Stored dataset items:
-- -- --
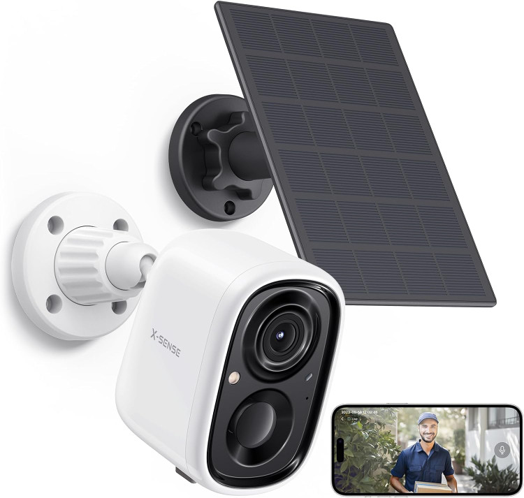 دوربین خورشیدی/باطری سنسور PIR بیسیم دوربین امنیتی X-Sense، دید در شب رنگی 1080p، صدای دو طرفه، IP65 ضد آب، کارت SD، فضای ذخیرهسازی ابری، Wi-Fi 2.4 گیگاهرتز
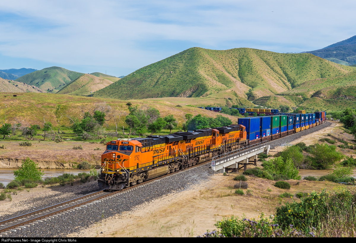 Now free of the grades and curves of the Tehachapi Mountains, a northbound BNSF Z rolls downhill out of Ilmon block and over Caliente Creek for the fast run to Bakersfield. The hills are still green at the lower and drier altitudes from this Winters Rains.
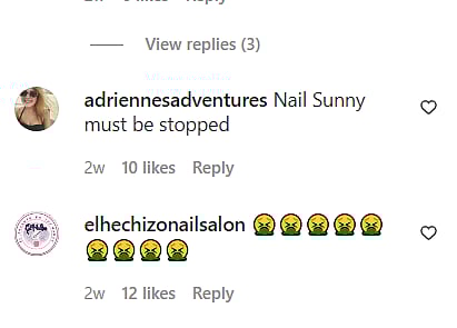 The video on Instagram has over 287K views and the comments are filled with annoyed netizens. One commenter wrote, "Nail Sunny must be stopped". Another commented with puke emojis.
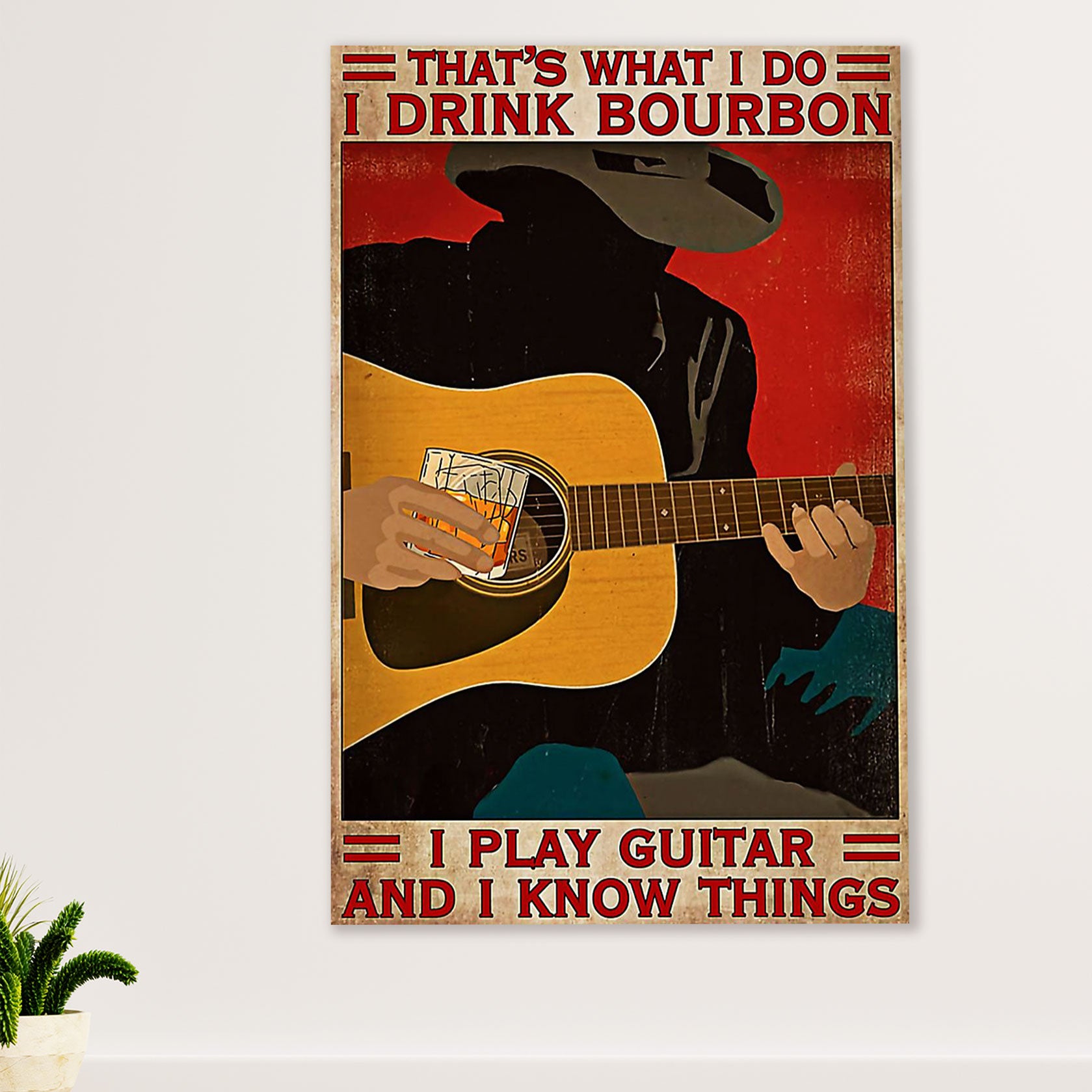 Music Guitar Canvas Wall Art Prints | Drink Bourbon, Play Guitar & Know Things | Home Décor Gift For Guitarist
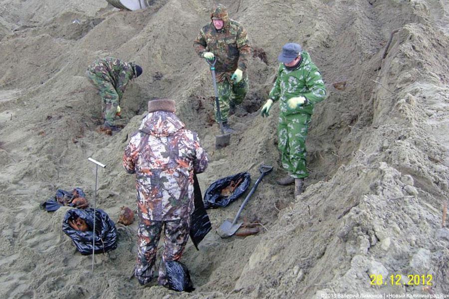 «На стройплощадке работают экскаваторы, которые ковшами выгребают гробы и кости. Останки жителей бывшего Пиллау собирают волонтеры из организации „Аванпорт“, которые убирают их буквально из-под строительной техники и собирают в полиэтиленовые пакеты. Они работают бесплатно по собственной инициативе», — сообщил Валерий Лимонов.
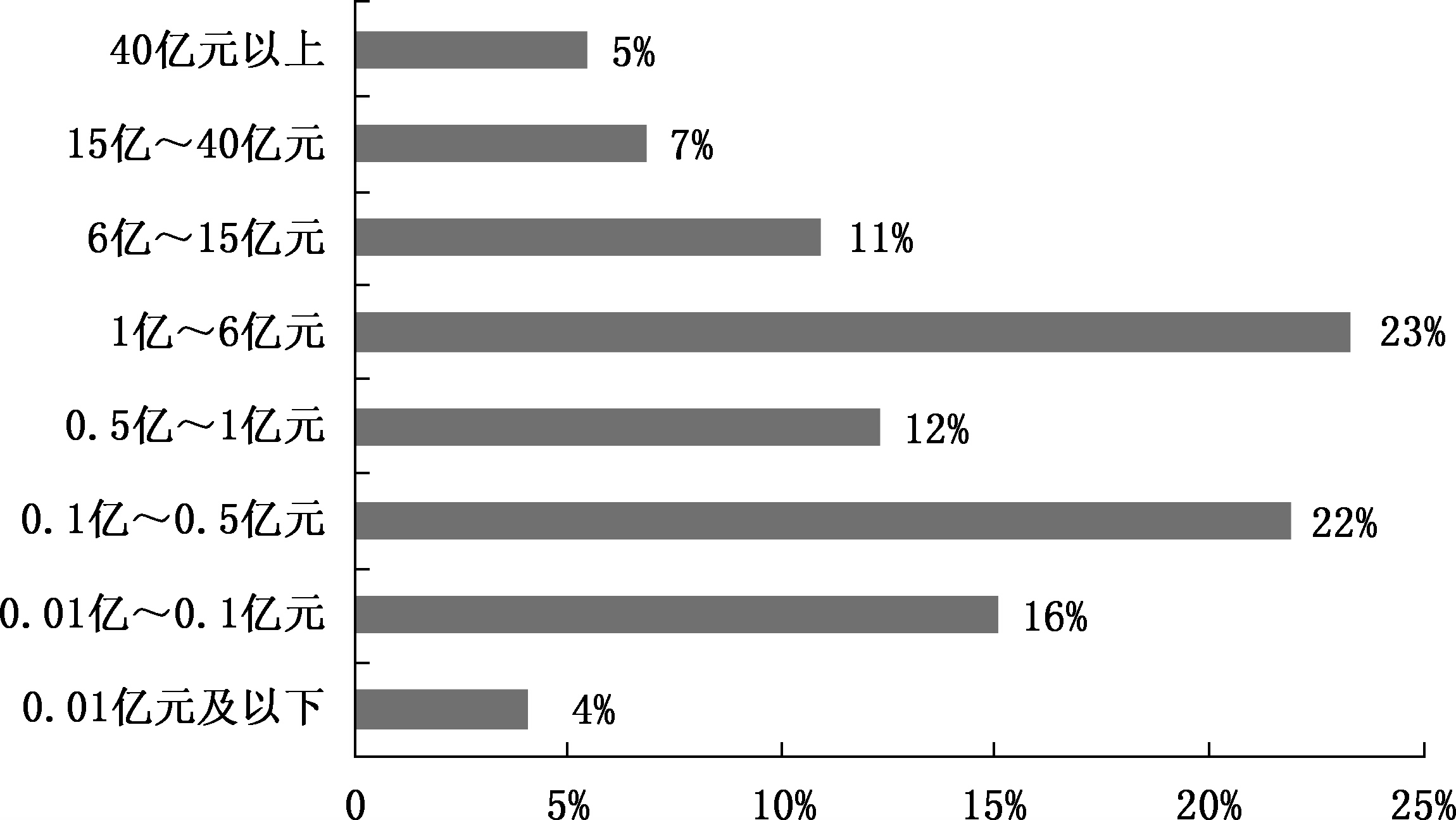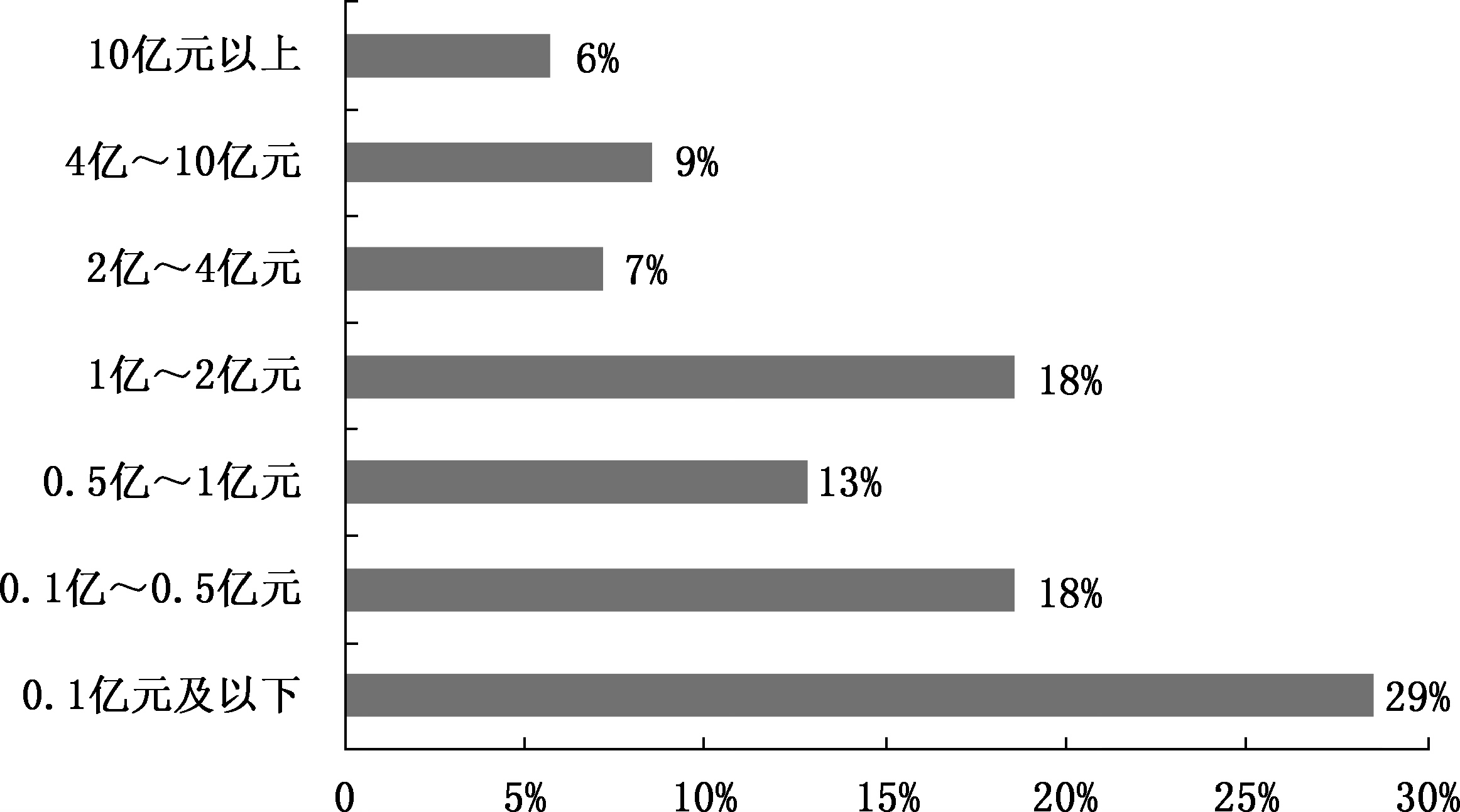 一一經統計,我國物流園區自身營業收入差別較大,2014年平均營業收入為5.7億元,其中有12%的物流園區自身營業收入超過了15億元,仍有4%的物流園區自身營業收入不超過100萬元,具體如圖19所示。
-- -- --
ASSIGNMENT: Using the records above, repeat exactly the run of lines that starts with the line with "Now free of" and goes on through the line with "Music Guitar Canvas"; omit each picture.

SOLUTION FOR THIS PROBLEM:
 Now free of the grades and curves of the Tehachapi Mountains, a northbound BNSF Z rolls downhill out of Ilmon block and over Caliente Creek for the fast run to Bakersfield. The hills are still green at the lower and drier altitudes from this Winters Rains.
 The video on Instagram has over 287K views and the comments are filled with annoyed netizens. One commenter wrote, "Nail Sunny must be stopped". Another commented with puke emojis.
 Music Guitar Canvas Wall Art Prints | Drink Bourbon, Play Guitar & Know Things | Home Décor Gift For Guitarist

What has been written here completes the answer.